Labour is launching a review to decide whether some mental health and neurodivergence issues are being overdiagnosed. The Health Service Journal (HSJ) reports that a highly controversial figure will play a lead role.

The review has been ordered by Wes Streeting, secretary of state for health and social care.

According to HSJ (paywall) the chair of the review will be psychoanalyst and clinical psychologist Peter Fonagy.

The vice chair will be the hugely divisive academic Sir Simon Wessely, Professor of Psychological Medicine at the Institute of Psychiatry, Psychology & Neuroscience, Kings College.

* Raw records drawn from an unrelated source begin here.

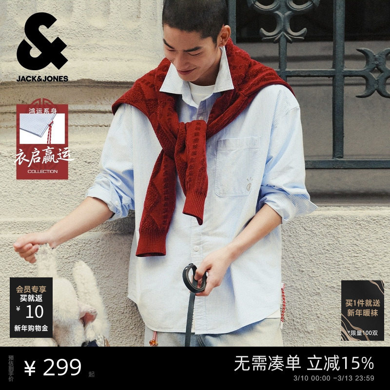 📚 【衣启赢运】杰克琼斯衬衫男新款日系宽松合身棉质条纹上衣男装
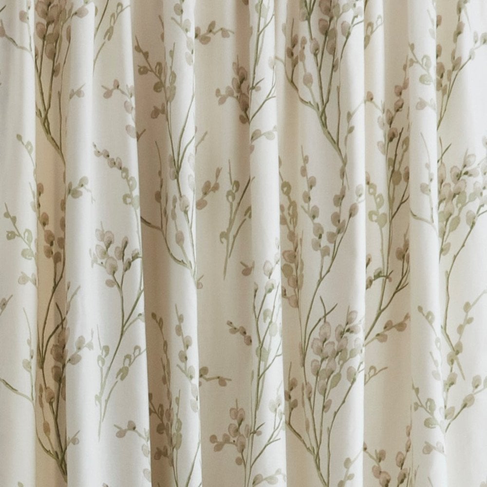 The elegant Laura Ashley Pussy Willow print is inviting. Delicate branches of budding pussy willow sprawl across these 100% cotton curtains. Fully lined and with a pencil pleat header to instantly enhance your interiors.
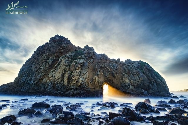 عکس امروز نشنال جئوگرافیک قوس صخره ای کی‌هول (Keyhole)، جاذبه مشهور کالیفرنیا را نشان می‌دهد که هرسال فقط در اوایل دی ماه می توان طلوع خورشید را از میان آن به تماشا نشست.
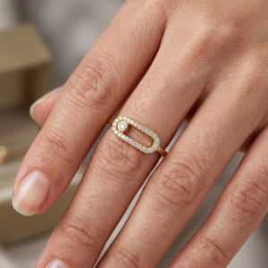 Modern Pavé Safety Pin Motif Adjustable Ring – Gold Finish
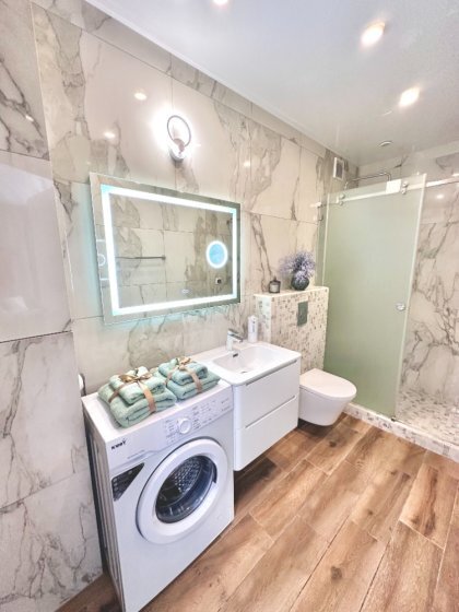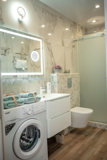 - Фен, шампуни, гель для душа, жидкое мыло в бесконтактном диспенсере, ватные палочки, ватные диски, капсулы для стирки белья, утюг, гладильная доска, сушилка для белья, пылесос и многое др.
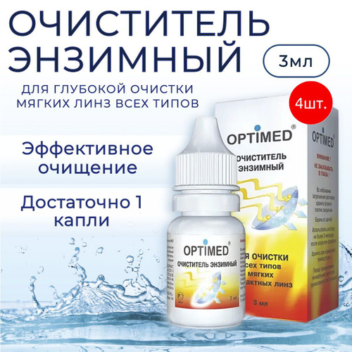 Энзимный очиститель для контактных линз OPTIMED Enzyme, 12 мл (4 упаковки по 3 мл) Оптимед Энзим. Для глубокой очистки линз
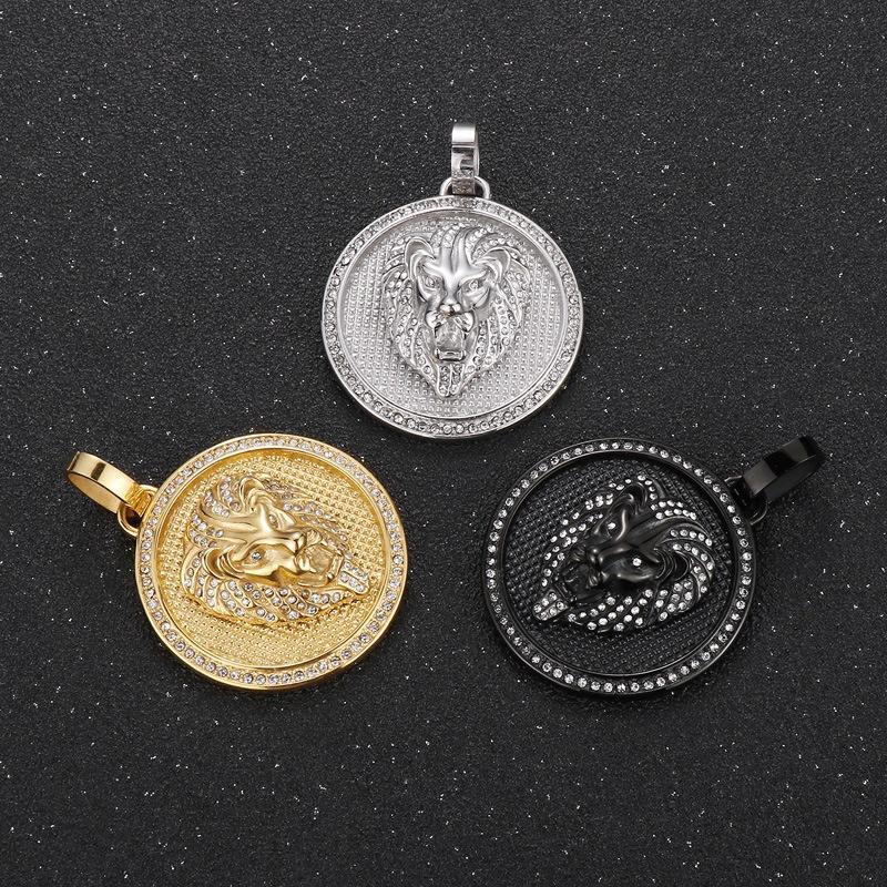 爆款>>搖滾嘻哈圓形吊墜飾品 潮人復古電鍍18k金微鑲鋯石獅子頭男士項鏈
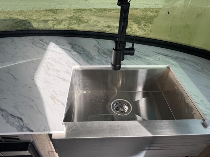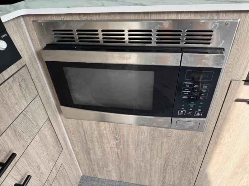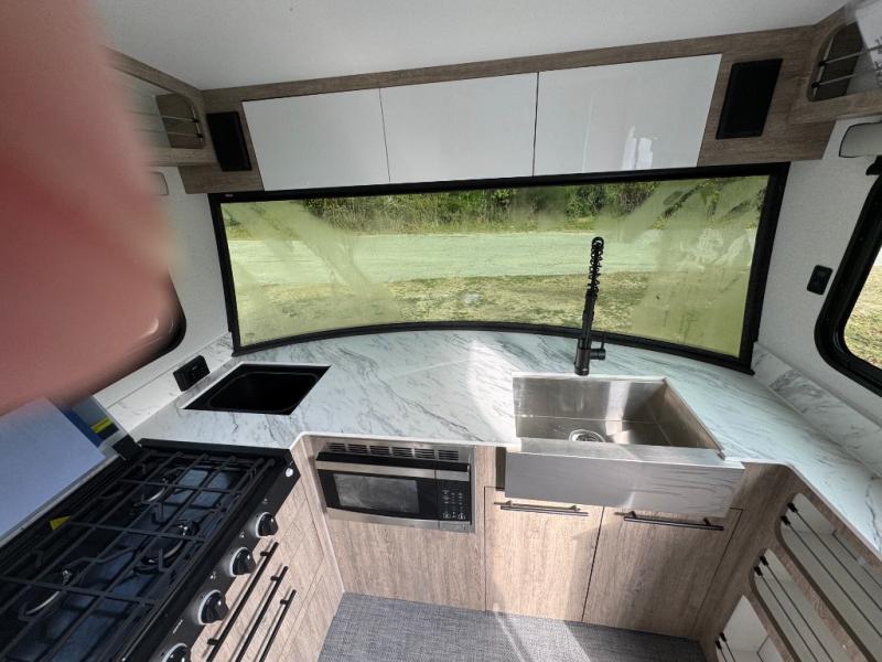 This Eclipse travel trailer will be the perfect companion on all your excursions. The large farmhouse style sink in the front kitchen provides plenty of space to clean up after dinner, and the stainless steel microwave will be perfect for popcorn and game night. The rear twin beds can be used to dine or sleep on, and you'll have a filler cushion if you want to convert them into a king-size bed! You won't have to worry about being bored on those rainy days since this model includes a 28" TV and a Bluetooth stereo with four speakers! This model has a dry weight that ranges from 3,240-3,660 lbs. lbs., a tongue weight between 490-550 lbs., and a carrying capacity between 1,140-1,560 lbs. When the optional Rover Package is chosen on this model, you'll enjoy rugged decals, a 3" lift, blackout wheels, and more; see dealer for more details!

Back in 2011, the Times called Wessely “the most hated doctor in Britain”. He was widely regarded by people living with ME/CFS as having popularised the idea that ME/CFS is a primarily a psychological condition, rather than a physical health one.

Amongst other things, this made it much more difficult for people with debilitating ME/CFS to score points for physical health activities when applying for benefits.

As a result of his publications, Wessely says he was threatened and harassed to such an extent that he gave up his research and went to work for the military in Iraq and Afghanistan, where he claimed he felt safer.

So, it is more than a little surprising that Wessely has chosen to play such a prominent role in research that could be just as controversial as his work on ME/CFS.

Especially as there is a strong probability that many people will consider the outcome of the research a foregone conclusion, with the government heavily leaning in one direction.

Back in March, the minister behind this review told the BBC that there was an “overdiagnosis” of mental health conditions and that “there’s too many people being written off”. Streeting’s comments came in the context of Labour preparing to announce massive cuts to personal independence payment (PIP) which they were subsequently forced to drop, following a backbench revolt.

And yesterday, prime minister Keir Starmer told Radio 4 that:

“I think we need to look again at this issue of mental health and ask ourselves a fundamental question, which is: would we not be better putting our money in the resources and support that is needed for mental health than simply saying, it’s to be provided in benefits?”

“I’m not saying you shouldn’t have benefits for mental health issues, but I do think we need to examine this quite carefully. I have to say, I am particularly concerned about young people in this regard – there are about a million young people who are on benefits, not all for mental health issues, but quite a number for mental health issues.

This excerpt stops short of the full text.